3. La obligada moraleja
Si solo dependiese
de mí, no sacaría de esta historia más consecuencia que la recién escrita,
sobre la inutilidad de la violencia. Pero ya saben los lectores de esta serie psicopatológica
que su promotor me impone extraer algunas conclusiones, a modo de aviso para
navegantes. Tampoco hace falta ser muy listo para cumplir con una tarea similar
a la de los prácticos que han de guiar hábilmente una embarcación entre dos
escollos laterales. Así es como veo yo el equilibrio del amor entre la monótona
coincidencia de valores y tareas, de una parte, y las insalvables diferencias
de criterio y cultura, por otra. Como si dijéramos, la vida amorosa parece
requerir bases comunes sobre las que construir una cada vez mayor intimidad, y
diversidad que permita una asimilación enriquecedora o, cuando menos, la
cariñosa aceptación de lo diferencial.
Así comentaba yo a
mi amigo Valentín, cuando este me precisó, de manera lapidaria:
-
Los
valores, similares; las profesiones, diversas; los caracteres, complementarios.
No me parece mala
receta, siempre que recordemos que el Amor es ciego y tan capaz de la mayor
superación, como de la debilidad más supina. Así que, como diría el otro, áteme
este oboe por la lengüeta. ¿Estamos?
[1] Se trata de una maceración
de opio en bebida alcohólica, con una proporción media de morfina de un 1%. En
el caso de nuestro relato, se empleó vino de Málaga aromatizado, al 2% de
morfina, según declaraciones de la acusada en el juicio oral.
[2] La orgullosa Virginia debe
aludir a Marco, Giovanni, Francesco y Giovanni Cornaro o Corner. El primero fue
Dux de Venecia en el siglo XIV; los dos siguientes, en el XVII; el último
Giovanni, en el XVIII.
[3] La reina Caterina vivió entre 1454 y 1510.
Personaje casi legendario, es famosa como protagonista operística de los
compositores Donizetti, Halévy y Lachner.

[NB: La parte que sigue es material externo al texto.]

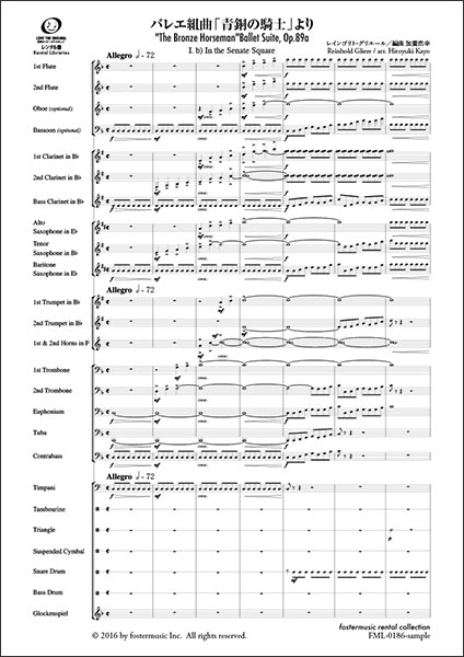 レインゴリト・グリエールの代表作の一つであるバレエ音楽「青銅の騎士」は、オーケストラで演奏される機会は極端に少なく、既存の音源も世界に数枚と限られています。彼自身の改訂による組曲版は、近年日本語版も出版されるなど楽譜を見ることは容易になりました。ある意味、吹奏楽で頻繁に演奏される事の影響かもしれません。そんな組曲版も原曲は非常に大きな編成でハープ2台にピアノ&チェレスタと、とても豪華さや優美さが描かれています。よって、メロディーや音楽の構築がとても分かりやすく、すぐに体に沁みてくる音楽なのですが、少人数でも頑張るメンバー達には楽譜上のハードルが少々高いように感じました。そこで、今回思い切って25名程度の人数で演奏出来るようにアレンジを試みました。部分的に難易度の高い部分もあり、容易とは言い難いのですが、逆にやり甲斐のある名曲を取り上げることで、成就感も得られると考えました。演奏上の留意点ですが、一番にバランスを挙げておきます。ダイナミクスの指示は、グリエールの指定通りの部分が大半なのですが、特に伴奏はメロディーの音楽感を正確に把握し、単に「フォルテ=大きく」・・・的にならないように配慮して欲しいです(部分や編成によっては、極端な音量への配慮が必要です)。指導者は客観的に客席での聴こえ方を大事に仕上げて下さい。また各曲毎に音色の変化も欲しいところです。エンディングの「偉大なる都市への賛歌」は現在もサンクトペテルブルクに鳴り響く鐘を想像し、味わいをもった演奏を心掛けて下さい。(加養浩幸)

Recomiendo la lectura del cuento La reina de Chipre, en el volumen de
relatos Nadie es la patria, ni siquiera
el tiempo (Valladolid, 1999), del que es autora Marián Izaguirre (Bilbao,
1951).
[4] Alusión indudable a Janet Craxton
(1929-1981), la gran oboísta inglesa.
[5] Creo que Victoria aludía al desafecto del
genial músico salzburgués hacia la trompeta solista, para la que no se conoce
que haya compuesto ninguna partitura, a diferencia de su padre, Leopoldo Mozart.

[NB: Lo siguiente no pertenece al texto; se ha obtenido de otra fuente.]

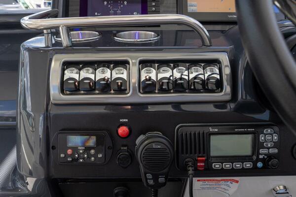 - Cockpit/swim platform blue/white LED courtesy lights with hand-held remote control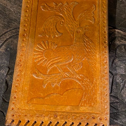 Nydelig lommebok i brunt lær, dekorert med elefanter og blomster.

[6] Obviamente, se trata de Maurice André
(1933-2012). Afortunadamente, él no lo hizo para destrozar
psicológicamente a ninguna oboísta,… que
yo sepa. Al parecer era tan gran músico, como buena persona.

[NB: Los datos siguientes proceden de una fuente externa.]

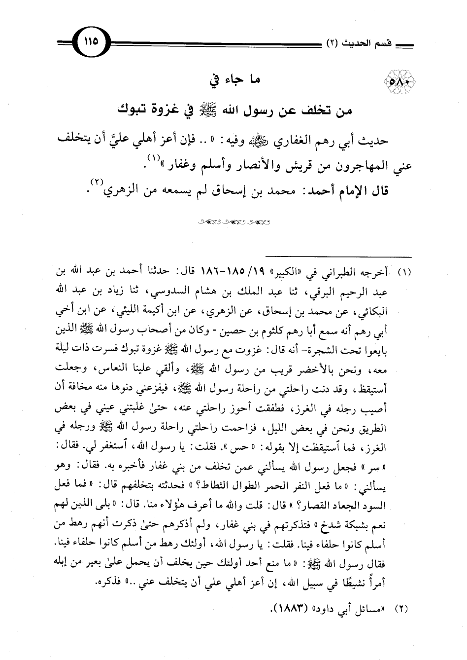 (¬1) أخرجه الطبراني في "الكبير" 19/ 185 - 186 قال: حدثنا أحمد بن عبد اللَّه بن عبد الرحيم البرقي، ثنا عبد الملك بن هشام السدوسي، ثنا زياد بن عبد اللَّه البكائي، عن محمد بن إسحاق، عن الزهري، عن ابن أكيمة الليثي، عن ابن أخي أبي رهم أنه سمع أبا رهم كلثوم بن حصين -وكان من أصحاب رسول اللَّه -صلى اللَّه عليه وسلم- الذين بايعوا تحت الشجرة- أنه قال: غزوت مع رسول اللَّه -صلى اللَّه عليه وسلم- غزوة تبوك فسرت ذات ليلة معه، ونحن بالأخضر قريب من رسول اللَّه -صلى اللَّه عليه وسلم-، وألقي علينا النعاس، وجعلت أستيقظ، وقد دنت راحلتي من راحلة رسول اللَّه -صلى اللَّه عليه وسلم-، فيفزعني دنوها منه مخافة أن أصيب رجله في الغرز، فطفقت أحوز راحلتي عنه، حتى غلبتني عيني في بعض الطريق ونحن في بعض الليل، فزاحمت راحلتي راحلة رسول اللَّه -صلى اللَّه عليه وسلم- ورجله في الغرز، فما استيقظت إلا بقوله: "حس". فقلت: يا رسول اللَّه، استغفر لي. فقال: "سر" فجعل رسول اللَّه يسألني عمن تخلف من بني غفار فأخبره به. فقال: وهو يسألني: "ما فعل النفر الحمر الطوال الثطاط؟ " فحدثته بتخلفهم قال: "فما فعل السود الجعاد القصار؟ " قال: قلت واللَّه ما أعرف هؤلاء منا. قال: "بلى الذين لهم نعم بشبكة شدخ" فتذكرتهم في بني غفار، ولم أذكرهم حتى ذكرت أنهم رهط من أسلم كانوا حلفاء فينا. فقلت: يا رسول اللَّه، أولئك وهي من أسلم كانوا حلفاء فينا. فقال رسول اللَّه -صلى اللَّه عليه وسلم-: "ما منع أحد أولئك حين يخلف أن يحمل على بعير من إبله أمرأً نشيطًا في سبيل اللَّه، إن أعز أهلي على أن يتخلف عني. . " فذكره.

[7] Victoria emplea el gentilicio con gran
libertad, pues algunos de los músicos que va a citar acto seguido no eran
venecianos de nación, aunque sí tuvieron relación o influencia en la vida
musical veneciana de su época.
[8] Benedetto Marcello (1686-1739) y su hermano,
Alessandro (1684-1750) fueron notables hombres de letras y leyes. Benedetto
destacó como compositor musical y Alessandro, más como poeta.